Daniele era affetto dal morbo di Parkinson dal 2008, costretto a vivere con un sondino gastrico, collegato con l’esterno, per poter assumere cibi, liquidi e farmaci direttamente nello stomaco, a causa di una grave disfagia. Una condizione che lo ha spinto a chiedere il suicidio assistito, ottenuto e praticato pochi giorni fa, per la prima volta, in Toscana. Si tratta, infatti, della prima Regione a essersi dotata di una legge sul fine vita, però impugnata dal Governo, che nel frattempo vorrebbe mettere a punto una norma nazionale, più restrittiva.

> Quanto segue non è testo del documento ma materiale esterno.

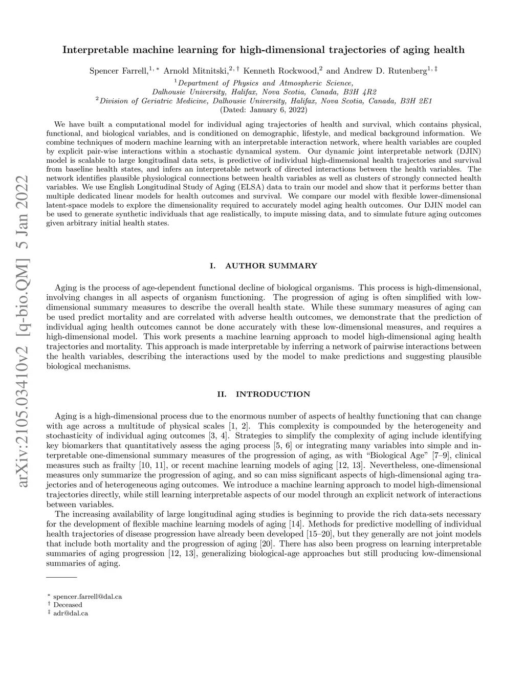 We have built a computational model for individual aging trajectories of health and survival, which contains physical, functional, and biological variables, and is conditioned on demographic, lifestyle, and medical background information. We combine techniques of modern machine learning with an interpretable interaction network, where health variables are coupled by explicit pair-wise interactions within a stochastic dynamical system. Our dynamic joint interpretable network (DJIN) model is scalable to large longitudinal data sets, is predictive of individual high-dimensional health trajectories and survival from baseline health states, and infers an interpretable network of directed interactions between the health variables. The network identifies plausible physiological connections between health variables as well as clusters of strongly connected health variables. We use English Longitudinal Study of Aging (ELSA) data to train our model and show that it performs better than multiple dedicated linear models for health outcomes and survival. We compare our model with flexible lower-dimensional latent-space models to explore the dimensionality required to accurately model aging health outcomes. Our DJIN model can be used to generate synthetic individuals that age realistically, to impute missing data, and to simulate future aging outcomes given arbitrary initial health states.

Dalla Toscana il caso di Daniele

Proprio mentre l’esecutivo mette in agenda una legge nazionale sul fine vita, ancora inesistente, arriva la notizia del primo suicidio assistito in Toscana, la prima e finora unica Regione ad aver regolamentato i tempi della procedura. A chiedere di porre fine alla sua vita è stato lo scrittore Daniele Pieroni, che già due anni fa aveva contattato il Numero Bianco dell’Associazione Luca Coscioni (06.99313409) per ricevere informazioni su come accedere alla morte volontaria assistita. Dopo averne fatto richiesta all’AUSL Toscana Sud Est, ha atteso due anni per riuscire a ottenerla adesso.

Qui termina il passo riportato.